Quote:
Originally posted by Mr 5 0
It's funny - but when I read this I then pictured the radar-wielding cop doing what they did to that punk in California; slamming a guy's head down on the hood of the cop car, then slugging him in the face before dragging him into the cruiser and taking him to jail.
Just me, I guess.
|
LOL

. A perspective that didn't quite hit me at first, but yeah, I can see what you're saying.
Deuce, that's a good one too. It sounds like a joke a certain friend of mine would tell me. He has that a relatively strong southern accent and is probably in his late forties. He also pronounces Vienna sausages (sp) with the "i" as in "kite" and the "e" as in the "a" in "cake". Sometimes, it jsut makes the joke funnier by how it's told.
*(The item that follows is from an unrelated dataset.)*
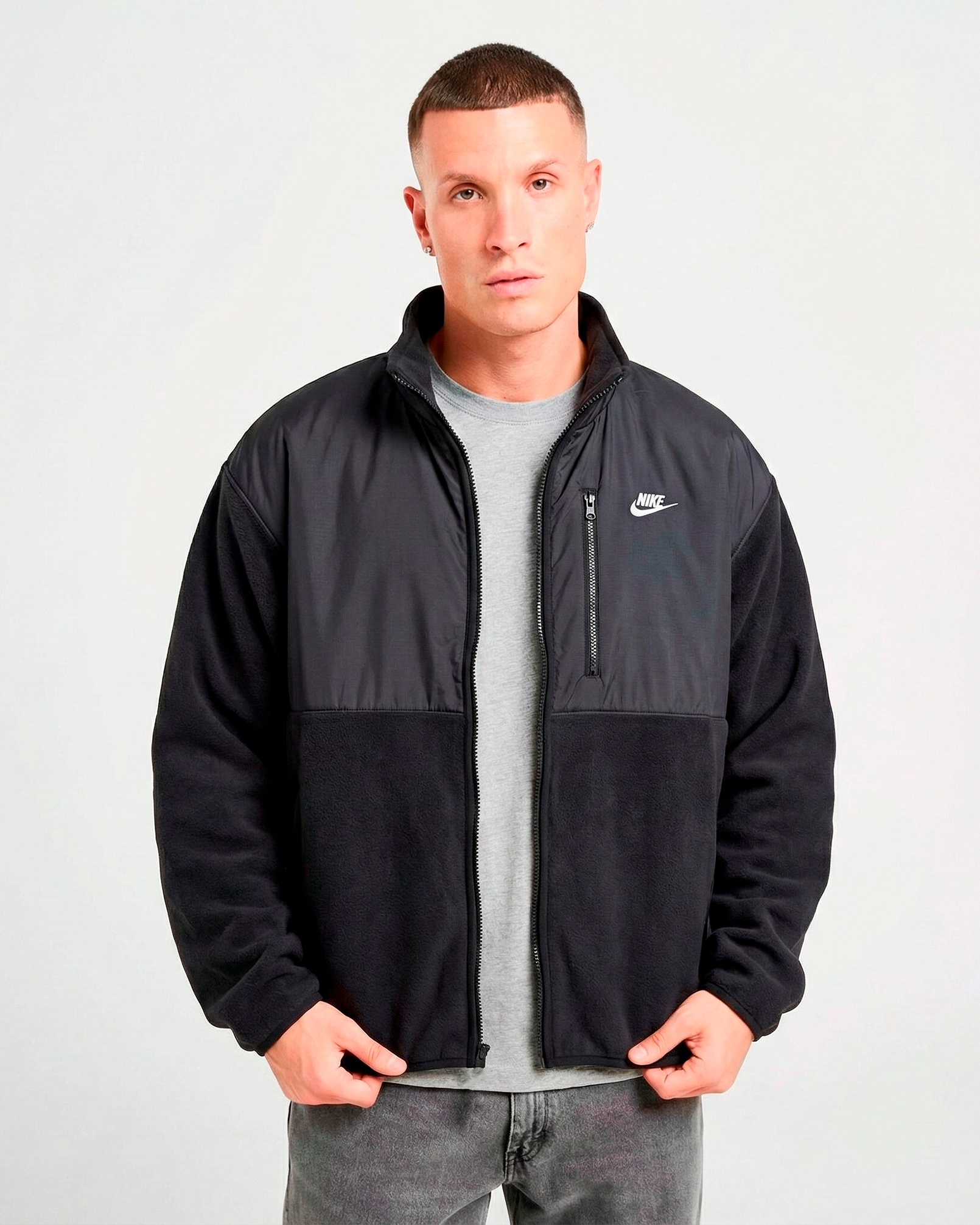 We took the comfort of a fleece jacket and added Therma-FIT tech and woven, water-repellent overlays in some areas to help provide coverage from cold-weather elements.

Here's another one (you guys have probably heard this one):
Two rival farmers, Jed and Zeek, live next door to each other (big land). One farmer, Jed was out hunting ducks, or whatever, and shoots one in mid air. The duck struggles and falls into Zeek's land and right at his door step. Zeek comes out the same time Jed comes over to claim his price and a dispute begans as to who's dead duck that really is. An arguement insues, b/c it was shot over Jed's land, but landed in Zeek's land and Zeek was saying that it was now his property. So Jed comes up with a wise idea.
"hey, lets make a deal. We'll kick each other in the crotch as hard as possible. Whoever can remain standing the most upright after the blow, is the one who has rightful claim to the bird."
"Okay", replied Zeek. He liked that plan.
So Jed says he gets to kick Zeek first since he shot the bird in the first place and came up with the plan. Zeek was in agreement with this plan. Jed holds off and smashes dude, right square in , well you know where. Zeek can BARELY stand--most pain he ever felt. Zeek squeeks, "Okay, I get to go next". But as farmer JEd begins walking away, he says "That's okay, you can keep the duck."